Organizing Committee: Nader Motee, Lehigh University; Hector Munoz-Avila, Lehigh University; Katya Scheinberg, Cornell University; Jeff Trinkle, Lehigh University.
Workshop Schedule (pdf)
Workshop Presentations, Bios, Abstracts and Videos
I-DISC wishes to thank all the speakers that kindly gave us permission to record and share their presentations with you:
Adaptive Learning for Multi-Agent Navigation
Presentation by Maria Gini, University of Minnesota
Abstract: In crowded multi-agent navigation, the motion of the agents is constrained by the motion of nearby agents. This makes planning paths difficult and leads to inefficient global motion. We formulate the problem as an action-selection problem, and propose an approach that enables agents to compute in real-time efficient and collision-free motions. We demonstrate experimentally how the approach works in a variety of scenarios in simulation and with a few real robots.

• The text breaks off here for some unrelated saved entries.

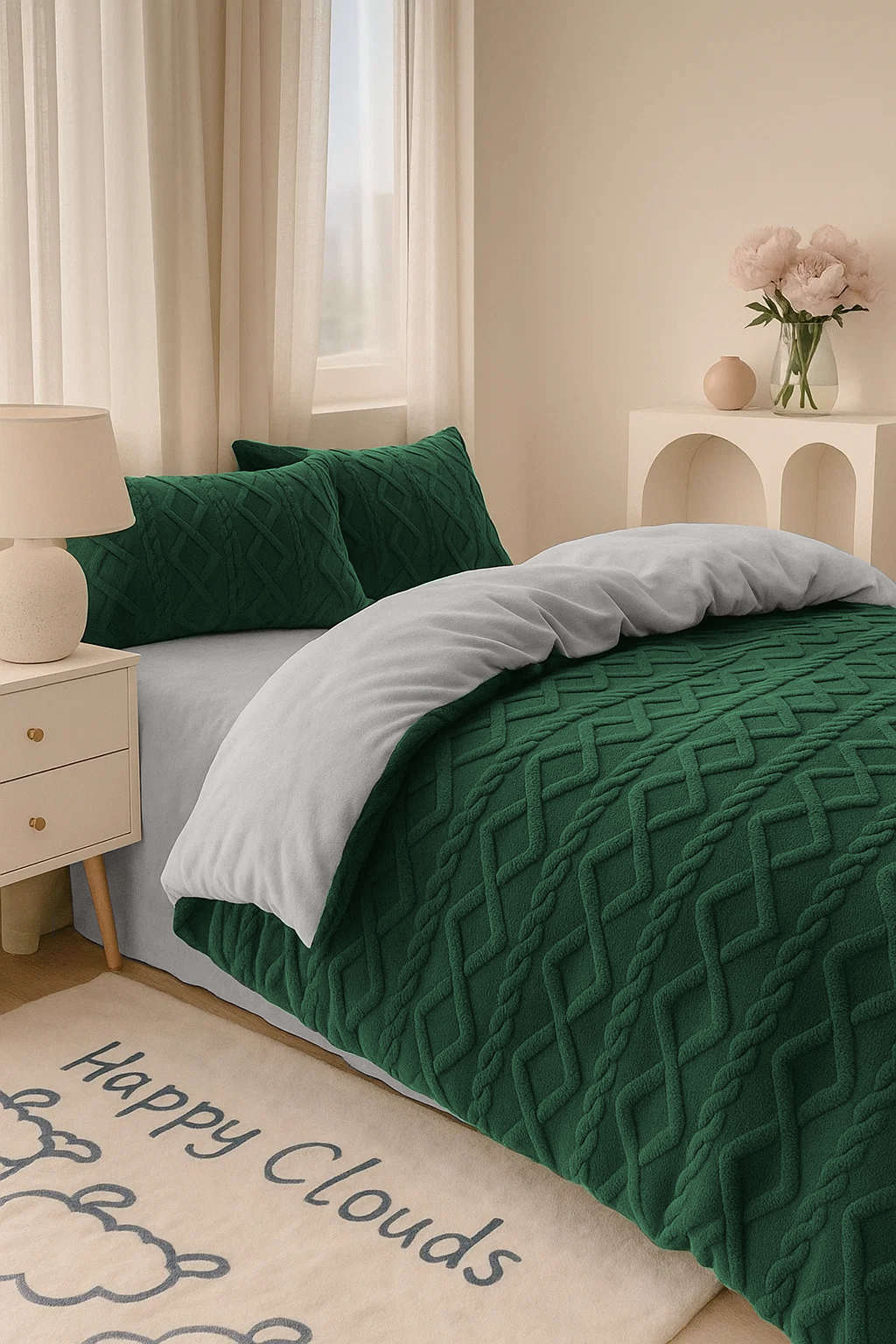 - Komplet pościeli ciepłej zimowej z pluszu, polarowa 160x200, dwustronna poszewka na kołdrę i 2 x poszewka na poduszkę 70x80, pościel ze wzorem 3D, sweterkowa, butelkowa zielona, jasna szara
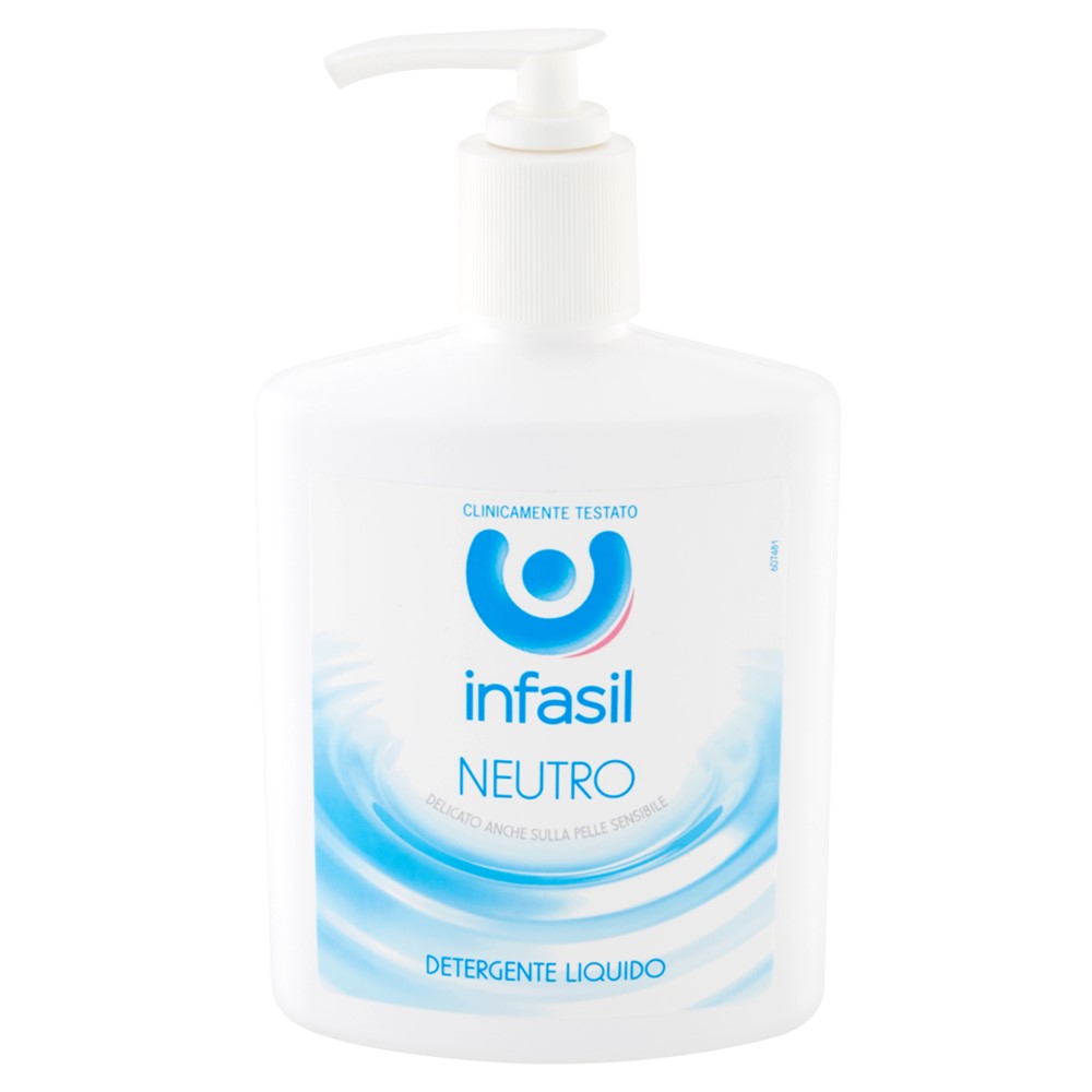 Neutral liquid detergent - mild even for the most sensitive skin - clinically tested. Clinical tests show that the formula of Infasil Neutral liquid detergent does not dry the skin and helps to maintain its natural hydration, because: it gently cleanses, leaving the skin naturally supple and soft, it does not attack the skin like normal soaps, it respects the skin's natural pH
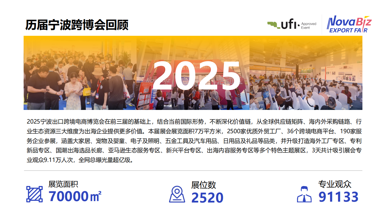 宁波跨博会作为“华东跨境第一展”,是目前国内最具号召力的跨境高端专业展之一,也是 国内唯一以“大家居”为核心品类的展会。同时,宁波跨博会一直是跨境电商中长线行业红 利的风向标,见证了跨境电商正式从“外贸新业态”向“外贸增长主赛道”的跨越。 ...

Learning Geometry-Aware Representations: 3D Object and Human Pose Inference
Presentation Kostas Daniilidis, University of Pennsylvania
Abstract: Traditional convolutional networks exhibit unprecedented robustness to intraclass nuisances when trained on big data. However, such data have to be augmented to cover geometric Transformations. Several approaches have shown recently that data augmentation can be avoided if networks are structured such that feature representations are transformed the same way as the input, a desirable property called equivariance. We show in this talk that global equivariance can be achieved for the case of 2D scaling, rotation, and translation as well as 3D rotations. We show state of the art results using an order of magnitude lower capacity than competing approaches. Moreover, we show how such geometric embeddings can recover the 3D pose of objects without key points or using groundtruth pose on regression. We finish by showing how graph convolutions enable the recovery of human pose and shape without any 2D annotation.
Autonomous Systems in the Intersection of Controls, Learning Theory and Formal Methods
Presentation by Ufuk Topcu, The University of Texas at Austin
Abstract: Autonomous systems are emerging as a driving technology for countlessly many applications. Numerous disciplines tackle the challenges toward making these systems agile, adaptable, reliable, user friendly and economical. On the other hand, the existing disciplinary boundaries delay and possibly even obstruct progress. I argue that the non-conventional problems that arise in the design and verification of autonomous systems require hybrid solutions at the intersection of learning, formal methods and controls. I will present examples of such hybrid solutions in several problems in autonomy at varying levels of detail.
Learning Dynamical Systems with Side Information
Presentation by Amir Ali Ahmadi, Princeton University
Abstract: In several safety-critical applications, one has to learn the behavior of an unknown dynamical system from noisy observations of a very limited number of trajectories. For example, to autonomously land an airplane that has just gone through engine failure, limited time is available to learn the modified dynamics of the plane before appropriate control action can be taken. Similarly, when a new infectious disease breaks out, few observations are initially available to understand the dynamics of contagion. In situations of this type where data is limited, it is essential to exploit “side information -e.g. physical laws or contextual knowledge--to assist the task of learning. We present a mathematical formalism of the problem of learning a dynamical system with side information, where side information can mean a concrete collection of local or global properties of the dynamical system. We show that sum of squares optimization is particularly suited for learning a dynamical system that best agrees with the observations and respects the side information. Based on joint work with Bachir El Khadir (Princeton).
Deep Learning for Semantic Visual Navigation
Presentation by Alexander Toshev, Google AI
Abstract: One of the fundamental problems for autonomous intelligent agents is the ability to move in visually and spatially complex environments for the purpose of finding objects, places, etc. This problem, commonly referred to as Visual Semantic Navigation, has been heavily studied in various settings. However, in its generality, unexplored and dynamic environments, complex semantics, continuous adaptation to the environment, it still presents many challenges. Deep Learning, by enabling models to learn complex concepts from experience, has huge potential in solving these challenges. In this talk, we present a framework towards a learning-based solution for Visual Semantic Navigation. We focus on two recent results. First, we talk about visual representations suitable for learning navigation algorithms. These representations result in systems for object-driven navigation that generalize to unexplored environments and utilize large synthetic data. Second, we present an approach towards continuous exploration of a novel environment using a model with general external memory.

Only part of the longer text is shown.